For more than a decade, if you saw slickly animated graphics, games, or videos on the web, they were likely powered by Flash. But recently, security issues, battery life concerns, and new software standards have made Flash unpopular with many developers and users.
Adobe, which created Flash, took a major step in distancing itself from the Flash brand on Monday by announcing plans to rename the latest version of its web animation software from Adobe Flash Professional to Adobe Animate CC. Adobe’s justification for changing the name is that over one third of content created in Flash Professional isn’t in Flash format, but instead uses HTML5, an open standard that has many of the same capabilities as Flash and is widely seen as its successor. The company says that the new name more “accurately represents its position as the premier animation tool for the web and beyond.”
“The name change is reflective of the fact that we rebuilt this tool to be platform agnostic,” Paul Gubbay, vice president at Adobe, told Fortune. “The name Flash Professional associates it with one slice of technology, and it’s not the one people are focused on now when they’re thinking about building new animations for the web.”
“Flash Pro users can work the way they’ve always worked and now they can target all these HTML5 platforms, and if they want to do Flash content, they can do that as well,” Gubbay said.
Animate remains Adobe’s official tool for creating Flash content, and its next version will continue to support Flash as a “first-class citizen.” But the shift in nomenclature points to the fact that HTML5 is increasingly the platform of choice for animations on the web. YouTube and Twitch, an Amazon-owned website that streams gaming video, previously used Flash to power their video players, for example, but both now use HTML5-based players.
Adobe Animate’s rebranding likely won’t have an major effect on Flash Player, the software users run in their browsers to play Flash animations that has recently gotten a bad reputation for having serious security holes. In a separate blog post, Adobe defended Flash Player, and said it was working with Facebook, to improve the security of Flash-based games. Facebook uses Flash for games on its platform as well as for certain parts of its desktop interface such as photo uploading.
Adobe also added that it plans to release an HTML5 video player for desktop browsers, and the company concluded the post by saying “looking ahead, we encourage content creators to build with new web standards.”
It’s hard to overstate how much of a pariah Adobe Flash has become in web development circles. In July, the Wall Street Journal said that the tech world was preparing an obituary for the software because it had become a security risk and a “drag on online process.” Wired’s take was only slightly more direct: “Flash. Must. Die.”

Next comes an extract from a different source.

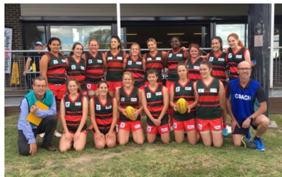
U18 Girls – they're a force to be reckoned with!

The downfall of Flash started when Apple decided not to support it on iPhones starting with its first model in 2007. Steve Jobs famously defended that decision in an open letter in 2010 that focused on openness, interface issues and mobile battery life:
Flash was created during the PC era – for PCs and mice. Flash is a successful business for Adobe, and we can understand why they want to push it beyond PCs. But the mobile era is about low power devices, touch interfaces and open web standards – all areas where Flash falls short.
Adobe decided to stop developing Flash Player for Android devices in 2012. Simply put, Flash does not have a meaningful presence on mobile devices. And websites are starting to leave it behind. According to W3Techs, a research firm focused on web technology, Flash was used in 28% of websites when Jobs wrote his letter. Today, it’s only used in 9.7% of websites.
But perhaps the strongest argument against Flash is centered around security and privacy. Several serious vulnerabilities in Flash Player have been discovered and patched in the past year. Flash remains a critical technology for web ads and certain games, but its benefits must be weighed against the possibility it introduces serious security holes into websites. Google’s Chrome browser now “pauses” Flash ads by default, preventing them from running unless the user specifically clicks on the ad.
Adobe (ADBE) working with Facebook (FB) is notable because Facebook’s chief security officer Alex Stamos publicly slammed Flash on Twitter over security issues earlier this year. “It is time for Adobe to announce the end-of-life date for Flash and to ask the browsers to set killbits on the same day,” he tweeted, advising Adobe to push an update with instructions to disable its own software.
“Even if 18 months from now, one set date is the only way to disentangle the dependencies and upgrade the whole ecosystem at once,” Stamos added.
Although Adobe’s decision to rebrand its professionally-oriented web animation suite is a far cry from the end-of-life date Stamos advocated, it’s clear that Adobe is beginning to see the end of the road for Flash, and is positioning itself as a leader in HTML5 development.